A vida cômoda, ou a sua busca, é uma das
principais características do burguês, assim como a covardia física, mental e
moral deste ser que Léon Bloy, “o mais radical dos ocidentais insurgidos contra
o espírito burguês do século”, na frase de Nikolai Berdiaeff [23], disse ter
como traço característico “o medo de qualquer determinação heroica que se
manifeste nos outros, assim como nele mesmo” [24], não sendo, ademais, senão
“um porco que gostaria de morrer de velhice” [25] e um indivíduo que se
envergonha de “tudo aquilo que é belo e nobre” [26].
Enfim,
o espírito burguês, que se assenhoreou do assim chamado Mundo Moderno, da
civilização materialista cujo ocaso vivemos, é um veneno corrosivo, uma doença
degenerativa que atinge todos os países do Globo Terrestre e, principalmente,
aqueles do Hemisfério Ocidental, transformando os povos em massas amorfas, em
turbas inconscientes, e é, ainda, a religião terrena do burguês, amante da vida
cômoda e incapaz de acreditar naquilo que transcende os sós elementos puramente
materiais. É o espírito, ou categoria ontológica, daqueles que não são capazes
de sonhar e que, como tais, já nasceram velhos, conforme sublinha Plínio Salgado
[27], que, partindo do princípio de que a idade é um estado de espírito, opõe a
juventude perene do Ideal à velhice dos escravos do comodismo e da rotina, dos
servos da decrépita ordem liberal-burguesa imperante no carcomido Mundo
Moderno, que não é senão, como não cansamos de repetir, o Mundo liberal-burguês
por excelência.
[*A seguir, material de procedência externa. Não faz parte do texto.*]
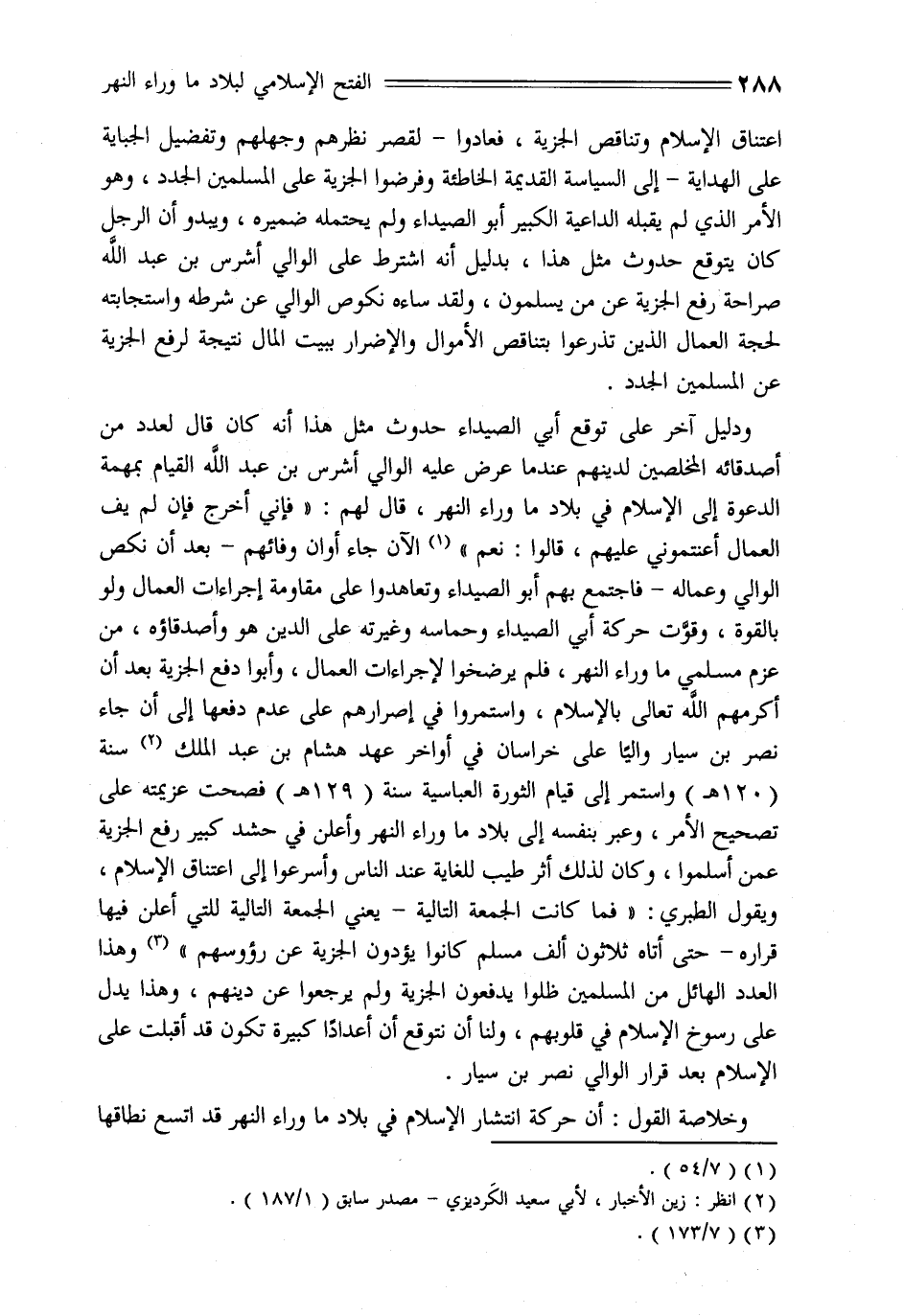 ودليل آخر على توقع أبي الصيداء حدوث مثل هذا أنه كان قال لعدد من أصدقائه المخلصين لدينهم عند ما عرض عليه الوالي أشرس بن عبد الله القيام بمهمة الدعوة إلى الإسلام في بلاد ما وراء النهر، قال لهم: «فإني أخرج فإن لم يف العمال أعنتموني عليهم، قالوا: نعم» «1» الآن جاء أوان وفائهم- بعد أن نكص الوالي وعماله- فاجتمع بهم أبو الصيداء وتعاهدوا على مقاومة إجراآت العمال ولو بالقوة، وقوّت حركة أبي الصيداء وحماسه وغيرته على الدين هو وأصدقاؤه، من عزم مسلمي ما وراء النهر، فلم يرضخوا لإجراآت العمال، وأبوا دفع الجزية بعد أن أكرمهم الله تعالى بالإسلام، واستمروا في إصرارهم على عدم دفعها إلى أن جاء نصر بن سيار واليا على خراسان في أواخر عهد هشام بن عبد الملك «2» سنة (120 هـ) واستمر إلى قيام الثورة العباسية سنة (129 هـ) فصحت عزيمته على تصحيح الأمر، وعبر بنفسه إلى بلاد ما وراء النهر وأعلن في حشد كبير رفع الجزية عمن أسلموا، وكان لذلك أثر طيب للغاية عند الناس وأسرعوا إلى اعتناق الإسلام، ويقول الطبري: «فما كانت الجمعة التالية- يعني الجمعة التالية للتي أعلن فيها قراره- حتى أتاه ثلاثون ألف مسلم كانوا يؤدون الجزية عن رؤوسهم» «3» وهذا العدد الهائل من المسلمين ظلوا يدفعون الجزية ولم يرجعوا عن دينهم، وهذا يدل على رسوخ الإسلام في قلوبهم، ولنا أن نتوقع أن أعدادا كبيرة تكون قد أقبلت على الإسلام بعد قرار الوالي نصر بن سيار.

É, em uma palavra, o espírito dos covardes físicos, mentais e
morais que temem tudo aquilo que é grande, belo, nobre e corajoso, daqueles que
têm no dinheiro seu Deus e sua Pátria, dos desenraizados desdenhadores do
Passado e da Tradição, apegados ao Presente e a suas instituições como a uma
tábua de salvação e incapazes de antever o Futuro, inconscientes de que, como
faz ver Arlindo Veiga dos Santos, “o Presente que nega o Passado não terá
Futuro” [28], assim como “só os sonhadores, só os
visionários são senhores do Futuro”, enquanto “os sanchos-panças comem o
presente, dormem o presente, morrem o presente”, desaparecendo “sem ter criado
as artes, a poesia, as flores, os Impérios” [29].
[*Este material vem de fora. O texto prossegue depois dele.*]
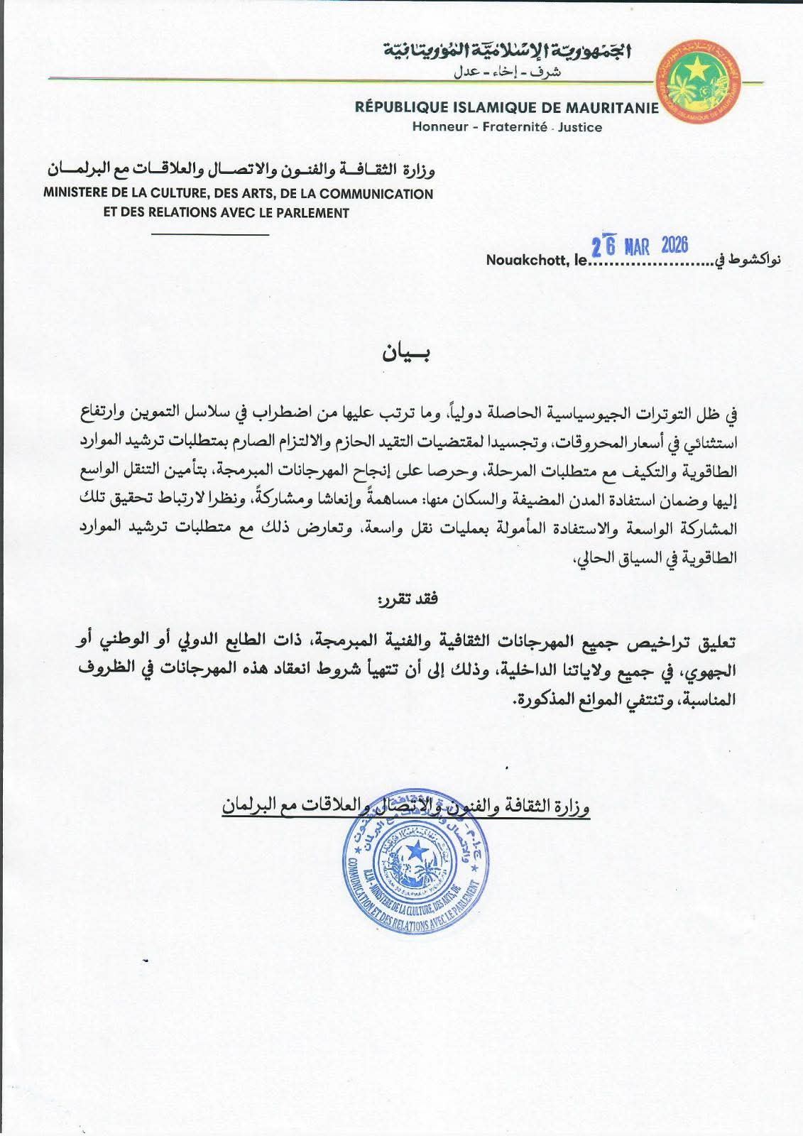 قال الوزير الأول المختار ولد اجاي، إن الحكومة ستواصل اليقظة وتعزيز آليات الرقابة لضمان استقرار تموين السوق ومواجهة المضاربات، في ظل التوترات الجيوسياسية وتقلب أسعار المحروقات.

Há que ressaltar, contudo,
que os sonhadores de que fala Arlindo Veiga dos Santos são os sonhadores
orgânicos, ou idealistas orgânicos, que desejam melhorar o real com base na
Tradição e não perverter a realidade com ideias abstratas, quimeras, mitos brotados
na cabeça de ideólogos sonhadores de utopias e irrealizáveis no plano real, os
sonhadores que, enfim, sonham conscientes de que as instituições políticas devem brotar da Tradição e da
História dos povos e que extraem da História uma Tradição sólida e viva, um
coeficiente espiritual de edificação moral, social e cívica, um desenvolvimento
estável e verdadeiro, transmissor e enriquecedor do patrimônio de pensamento e
de costumes herdado de nossos maiores.
Isto posto, falemos do
espírito nobre, a que também podemos denominar espírito aristocrático e
espírito de elite, no sentido autêntico, espiritual e não econômico, deste
último termo, correspondendo, do mesmo modo, ao espírito samurai do Japão
tradicional e ao “espírito de serviço e de sacrifício”, ao “sentido ascético e
militar da vida” de que nos fala José Antonio Primo de Rivera [30]. Corresponde
tal espírito, ainda, em última análise, ao espírito legionário de que nos fala
Evola, que o define como “o hábito daquele que soube escolher a vida mais
dura”, daquele que “soube combater ainda que sabendo que a batalha era
materialmente perdida”, embora moral e espiritualmente vitoriosa desde o
início; de quem “soube convalidar as palavras da antiga saga: Fidelidade é mais forte que o fogo” e
por meio do qual se “afirmou a ideia tradicional, que é o senso do honor e da
vergonha” [31].
Assim como a burguesia, a
nobreza, antes de ser uma classe social, é um estado de espírito, uma categoria
ontológica, uma concepção geral da vida, que sempre existiu e sempre combateu
contra o espírito burguês, preponderando sobre este nas sociedades tradicionais
e hierárquicas, antes do ocaso do denominado Mundo da Tradição. É tal espírito caracterizado, antes e acima
de tudo, pela busca das virtudes espirituais e cívicas, pela existência voltada
sobretudo à acumulação de bens extraterrenos, pela rejeição da vida cômoda e o
combate sem trégua em prol dos valores perenes da Tradição, que implica, em
nossos dias, em nadar sempre contra a maré de erros da inautêntica civilização
materialista a que denominamos Modernidade, ou Mundo Moderno.
Segundo
D. Jerónimo Osório, o chamado “Cícero português”, já aqui citado e reputado por
Francisco Elías de Tejada não apenas “o
máximo pensador político dos povos hispânicos” [32], como, ainda, “o supremo
pensador hispânico, português e castelhano, de todos os séculos” [33], a
nobreza se divide em
“nobreza civil” e “nobreza cristã”, a primeira fundada nas virtudes cívicas e a
segunda, superior, “nobreza plena e fora de toda a limitação”, estribada na “verdadeira
e perfeita virtude e clarificada “por aquele verdadeiro e divino lume da
santidade” [34], sendo seus ornamentos, diante da “inconstância das riquezas”,
da “fugacidade das horarias e da glória humana”, do “lustre completamente falaz
de estirpes e fidalguias”, os únicos “amplos, imortais, divinos”, que não
poderão ser estirpados por nenhuma violência, aniquilados com o esquecimento de
nenhuma velhice ou extintos por qualquer desastre [35].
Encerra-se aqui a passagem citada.